This recipe keeps things beautifully simple while still delivering rich, layered flavor in every bite. Tender pieces of chicken simmer alongside apples and vegetables in a warmly spiced sauce that’s comforting, balanced, and incredibly satisfying. It’s approachable enough for weeknights, yet flavorful enough to feel special.

The natural sweetness from the apple softens the spices, making this a wonderful option for families — especially if you’re introducing little ones to new cuisines. And the best part? You can easily adjust the spice level to suit everyone at the table.

Ingredients

Scale
  • 2 tablespoons curry powder
  • 2 tablespoons water
  • 1 teaspoon cumin
  • 3 garlic cloves, minced
  • 1 teaspoon tomato paste
  • 3/4 teaspoon kosher salt
  • 1/4 teaspoon freshly ground black pepper
  • 1 tablespoon olive oil
  • 1 large onion, chopped
  • 1 apple, cored (skin on) and cut into 1/2–1 inch cubes
  • 1 cup carrots, cut into 1/2–1 inch pieces
  • 1 cup celery, cut into 1/2–1 inch pieces
  • 1 1/2 pounds boneless, skinless chicken breasts and/or thighs, cut into 1/2–1 inch cubes
  • 1 cup chicken broth

Instructions

  1. In a small bowl, combine the curry powder, water, cumin, garlic, tomato paste, salt, and pepper. Stir well and set aside.

  2. Heat olive oil in a large skillet or pot over medium heat. Add the chopped onion and sauté for 3–4 minutes, until softened and translucent.

  3. Add the spice mixture to the onions and cook for about 30 seconds, stirring constantly to toast the spices and deepen the flavor.

  4. Add the apple, carrots, celery, and chicken to the pot. Stir well to coat everything evenly with the spice mixture.

  5. Pour in the chicken broth and bring to a gentle boil.

  6. Reduce heat to a simmer, cover, and cook for 30 minutes, stirring every few minutes to prevent sticking. The curry is ready when the vegetables are tender and the chicken is fully cooked through.
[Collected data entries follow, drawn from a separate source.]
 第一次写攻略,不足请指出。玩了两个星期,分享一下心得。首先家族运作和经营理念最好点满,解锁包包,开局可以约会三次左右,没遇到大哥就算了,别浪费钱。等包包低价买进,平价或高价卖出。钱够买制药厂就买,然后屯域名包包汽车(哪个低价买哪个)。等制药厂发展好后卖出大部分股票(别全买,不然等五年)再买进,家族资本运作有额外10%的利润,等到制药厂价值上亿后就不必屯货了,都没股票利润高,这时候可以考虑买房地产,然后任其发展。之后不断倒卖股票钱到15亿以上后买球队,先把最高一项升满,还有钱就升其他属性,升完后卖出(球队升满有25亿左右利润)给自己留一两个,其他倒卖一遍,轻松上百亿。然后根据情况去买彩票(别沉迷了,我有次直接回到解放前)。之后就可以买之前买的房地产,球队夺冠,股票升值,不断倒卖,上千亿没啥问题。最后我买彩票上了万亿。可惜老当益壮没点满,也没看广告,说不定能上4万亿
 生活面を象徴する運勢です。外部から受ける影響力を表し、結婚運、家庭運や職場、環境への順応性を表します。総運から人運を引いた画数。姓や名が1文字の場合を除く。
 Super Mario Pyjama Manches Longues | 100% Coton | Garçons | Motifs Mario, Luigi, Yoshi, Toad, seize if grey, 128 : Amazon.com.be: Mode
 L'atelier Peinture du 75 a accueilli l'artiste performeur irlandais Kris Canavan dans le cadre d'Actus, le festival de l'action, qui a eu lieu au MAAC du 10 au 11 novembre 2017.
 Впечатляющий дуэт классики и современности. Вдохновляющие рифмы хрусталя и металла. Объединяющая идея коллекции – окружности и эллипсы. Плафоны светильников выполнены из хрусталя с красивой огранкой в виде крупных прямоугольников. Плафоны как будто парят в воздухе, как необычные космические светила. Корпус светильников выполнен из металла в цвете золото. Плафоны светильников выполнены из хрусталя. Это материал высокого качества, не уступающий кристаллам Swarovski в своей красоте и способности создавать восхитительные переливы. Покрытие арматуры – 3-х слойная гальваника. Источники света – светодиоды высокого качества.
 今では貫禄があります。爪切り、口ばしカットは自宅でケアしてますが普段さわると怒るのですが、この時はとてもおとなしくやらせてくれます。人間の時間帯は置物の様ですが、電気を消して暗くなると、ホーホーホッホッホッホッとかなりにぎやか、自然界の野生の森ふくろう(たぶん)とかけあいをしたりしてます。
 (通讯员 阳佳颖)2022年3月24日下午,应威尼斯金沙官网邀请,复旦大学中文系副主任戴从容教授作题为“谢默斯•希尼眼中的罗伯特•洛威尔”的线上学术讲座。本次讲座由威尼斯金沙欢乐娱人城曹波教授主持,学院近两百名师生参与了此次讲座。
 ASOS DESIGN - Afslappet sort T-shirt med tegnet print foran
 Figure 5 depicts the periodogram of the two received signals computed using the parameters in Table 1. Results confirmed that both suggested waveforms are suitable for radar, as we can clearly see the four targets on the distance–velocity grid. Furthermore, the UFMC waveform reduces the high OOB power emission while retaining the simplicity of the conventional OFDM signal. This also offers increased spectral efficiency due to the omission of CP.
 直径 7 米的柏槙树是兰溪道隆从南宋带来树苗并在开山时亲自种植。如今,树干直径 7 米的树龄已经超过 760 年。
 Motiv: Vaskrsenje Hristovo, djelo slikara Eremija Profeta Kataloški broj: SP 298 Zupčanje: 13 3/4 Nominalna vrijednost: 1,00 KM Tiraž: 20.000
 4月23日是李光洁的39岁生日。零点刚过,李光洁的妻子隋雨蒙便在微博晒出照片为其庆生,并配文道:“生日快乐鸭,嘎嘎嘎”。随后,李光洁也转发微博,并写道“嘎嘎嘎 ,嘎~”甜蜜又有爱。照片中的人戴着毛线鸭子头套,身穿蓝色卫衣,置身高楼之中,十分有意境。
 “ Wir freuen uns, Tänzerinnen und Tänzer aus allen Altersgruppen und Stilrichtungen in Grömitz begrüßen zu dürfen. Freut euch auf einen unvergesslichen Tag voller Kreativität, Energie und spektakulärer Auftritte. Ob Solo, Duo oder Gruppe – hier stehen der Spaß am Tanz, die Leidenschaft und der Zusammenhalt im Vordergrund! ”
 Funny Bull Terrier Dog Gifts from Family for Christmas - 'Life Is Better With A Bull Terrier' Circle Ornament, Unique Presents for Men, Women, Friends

  7. Allow to cool slightly and serve over jasmine or basmati rice.

Notes

  • Adjust the heat: For a spicier curry, add a pinch of cayenne pepper or red pepper flakes.
  • Make it milder: Use a mild curry powder and skip any additional heat.
  • Chicken options: Thighs add extra richness, while breasts keep it lean — or use a mix of both.
  • Vegetable swaps: Potatoes, peas, or bell peppers also work beautifully in this dish.
  • Storage: Store leftovers in an airtight container in the refrigerator for up to 4 days. The flavor deepens overnight, making it even better the next day.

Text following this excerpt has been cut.